ASSIGNMENT: The answer must be an exact copy of every entry, with no pictures in it.

MATERIAL PROVIDED:
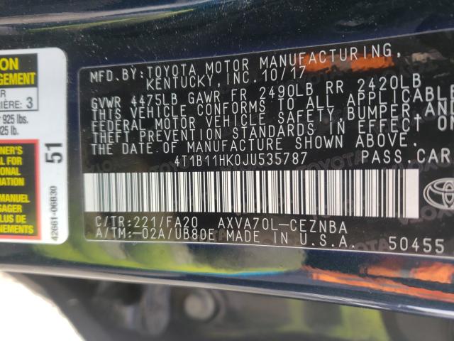This 2018 Toyota Camry (Black) comes from a major insurance auction in the USA or Canada. All information on this page is linked to the vehicle’s VIN (4T1B11HK0JU535787), which helps confirm where the car was listed and what condition it was in at the time of sale.
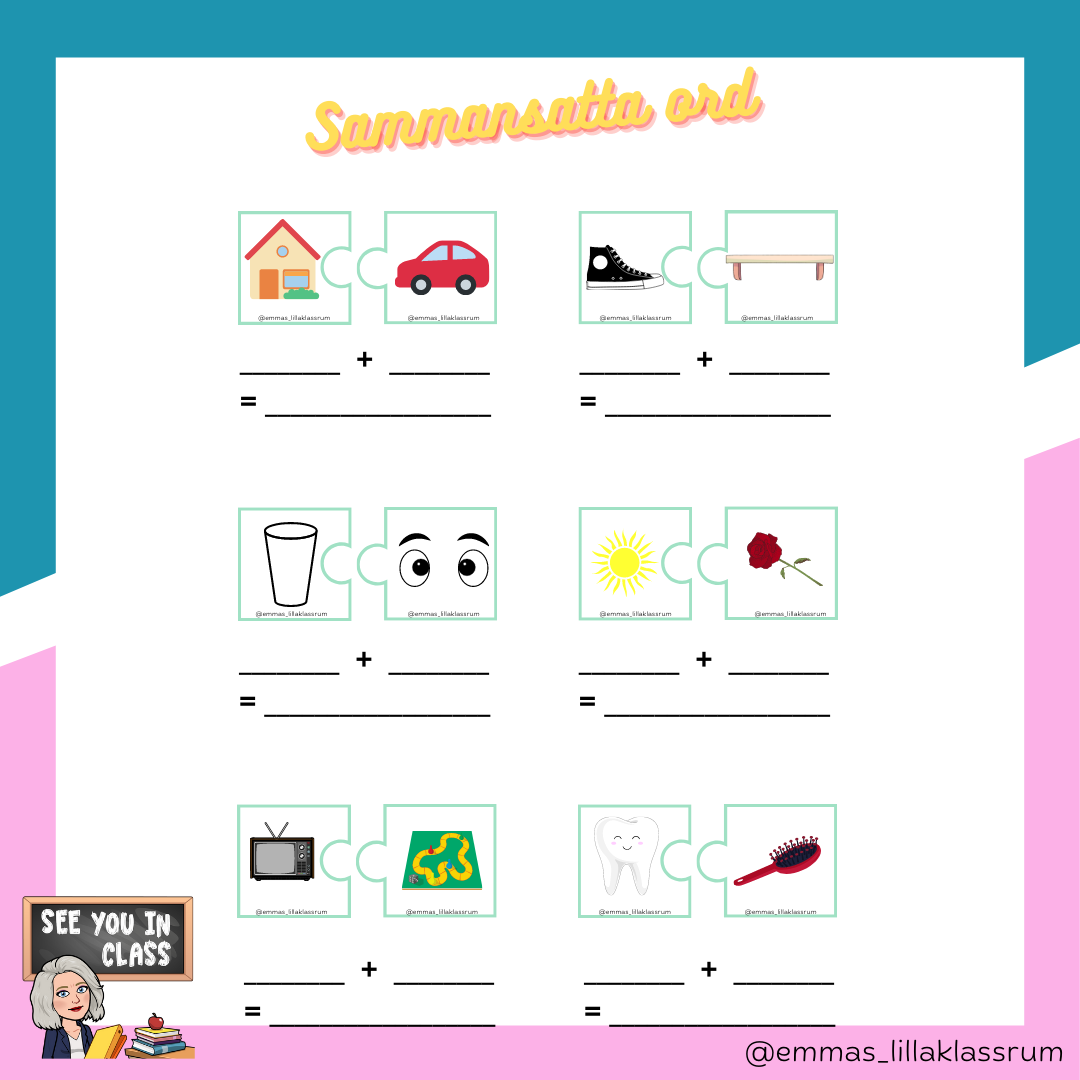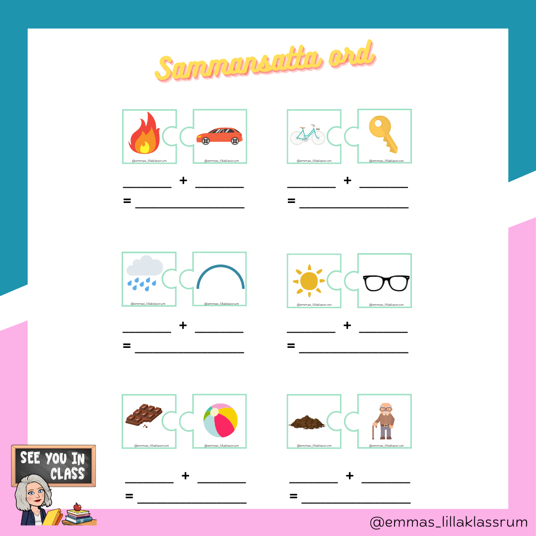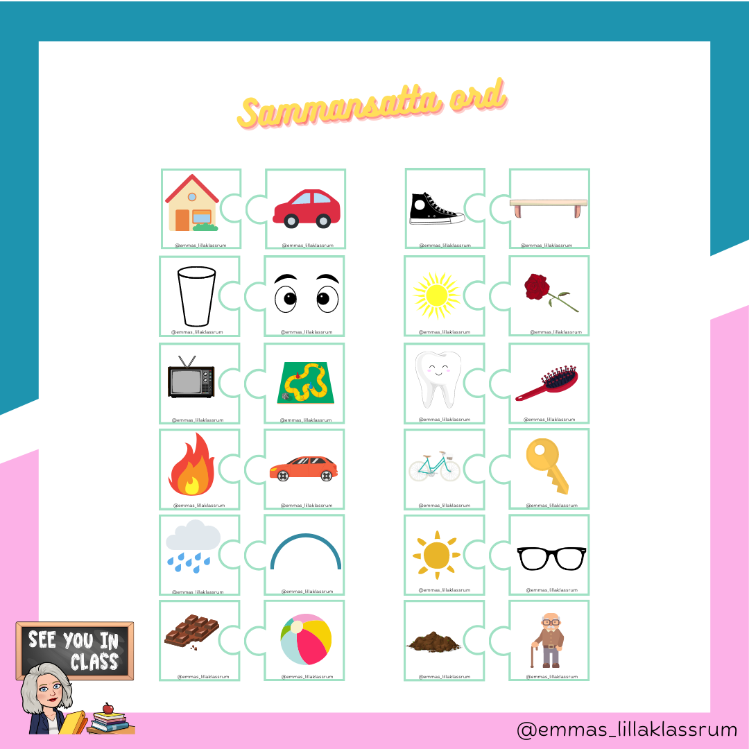 Ett material som tränar sammansatta ord. Totalt finns det 36 sammansatta ord. Materialet består av två delar. En där eleverna ska skriva de två orden separat och sedan vad det sammansatta ordet blir. Den andra delen består av två pusselbitar med bilder, eleverna ska då para ihop bilderna så de bildar ett sammansatt ord. En rolig övning att göra tillsammans.
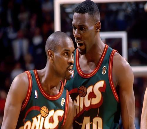 回看超音速隊(duì)史,如果要挑出一支最具代表性的超音速陣容,榜首位置的一定是90年代的“手套+雨人”組合。
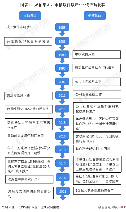 1、龙佰集团VS中核钛白:钛白粉业务布局历程
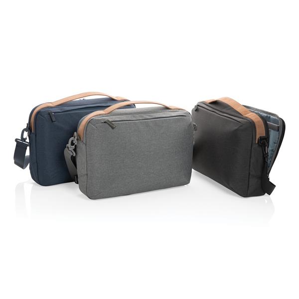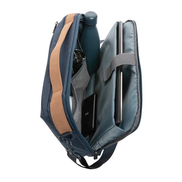 Torba na laptopa 15,6″, wewnątrz 2 kieszenie z siatki, z przodu kieszeń na zamek, uchwyt z PU, materiał zewnętrzy oraz podszewka wykonane z materiałów pochodzących z recyklingu, dzięki czemu każdy plecak został wykonany z 8,75 ponownie przetworzonych butelek PET 0,5l, dzięki zastosowaniu technologii śledzącej AWARE™ wykorzystane włókna są identyfikowalne z pochodzenia, 2% wpływów z każdego sprzedanego produktu z kolekcji Impact jest przekazywane na rzecz Water.org
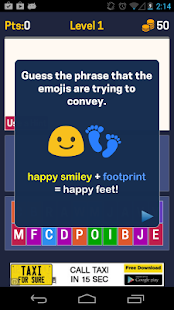 Every puzzle shows you a set of the well known emoji icons. Choose from a set of letters to guess the correct phrase which could be anything from common phrases to the latest hit songs. Some answers are easy and obvious while others require you to think laterally. Earn coins as you complete every puzzle with bonus on level completion.
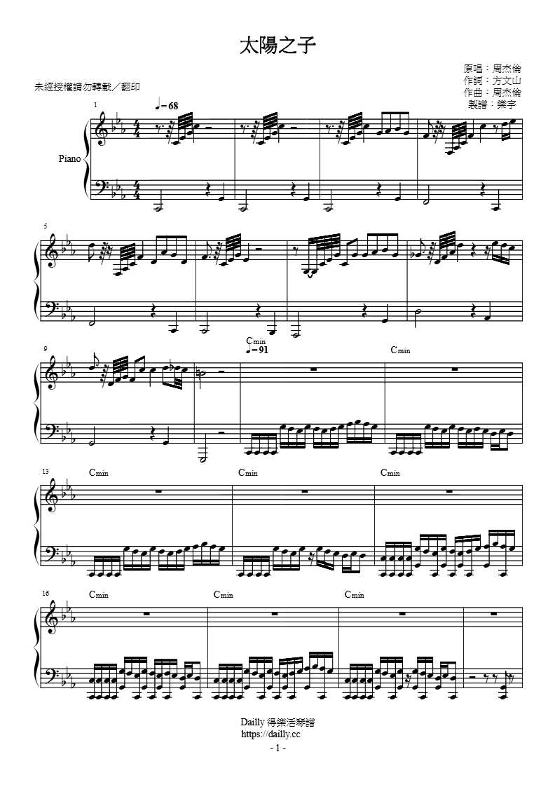 琴譜名稱:周杰倫-太陽之子 鋼琴譜
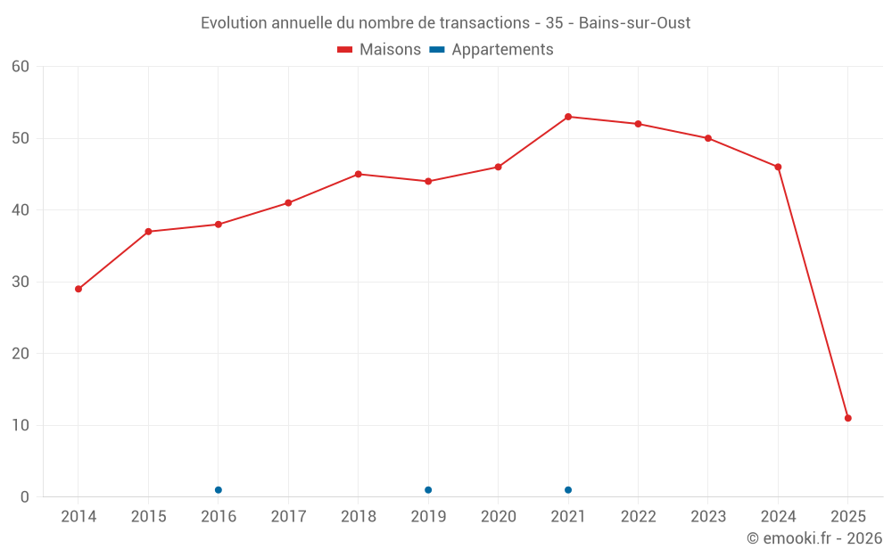 Le prix médian sur les 33 transactions de maisons des 12 derniers mois dans la commune de Bains-sur-Oust était de 1 733 € par mètre carré pour une valeur foncière médiane de 175 000 €. Sur cette période 60% des transactions se sont situées entre 1 232 et 2 269 € par mètre carré (du 2ème au 8ème déciles).

RESULT:
This 2018 Toyota Camry (Black) comes from a major insurance auction in the USA or Canada. All information on this page is linked to the vehicle’s VIN (4T1B11HK0JU535787), which helps confirm where the car was listed and what condition it was in at the time of sale.
 Ett material som tränar sammansatta ord. Totalt finns det 36 sammansatta ord. Materialet består av två delar. En där eleverna ska skriva de två orden separat och sedan vad det sammansatta ordet blir. Den andra delen består av två pusselbitar med bilder, eleverna ska då para ihop bilderna så de bildar ett sammansatt ord. En rolig övning att göra tillsammans.
 回看超音速隊(duì)史,如果要挑出一支最具代表性的超音速陣容,榜首位置的一定是90年代的“手套+雨人”組合。
 1、龙佰集团VS中核钛白:钛白粉业务布局历程
 Torba na laptopa 15,6″, wewnątrz 2 kieszenie z siatki, z przodu kieszeń na zamek, uchwyt z PU, materiał zewnętrzy oraz podszewka wykonane z materiałów pochodzących z recyklingu, dzięki czemu każdy plecak został wykonany z 8,75 ponownie przetworzonych butelek PET 0,5l, dzięki zastosowaniu technologii śledzącej AWARE™ wykorzystane włókna są identyfikowalne z pochodzenia, 2% wpływów z każdego sprzedanego produktu z kolekcji Impact jest przekazywane na rzecz Water.org
 Every puzzle shows you a set of the well known emoji icons. Choose from a set of letters to guess the correct phrase which could be anything from common phrases to the latest hit songs. Some answers are easy and obvious while others require you to think laterally. Earn coins as you complete every puzzle with bonus on level completion.
 琴譜名稱:周杰倫-太陽之子 鋼琴譜
 Le prix médian sur les 33 transactions de maisons des 12 derniers mois dans la commune de Bains-sur-Oust était de 1 733 € par mètre carré pour une valeur foncière médiane de 175 000 €. Sur cette période 60% des transactions se sont situées entre 1 232 et 2 269 € par mètre carré (du 2ème au 8ème déciles).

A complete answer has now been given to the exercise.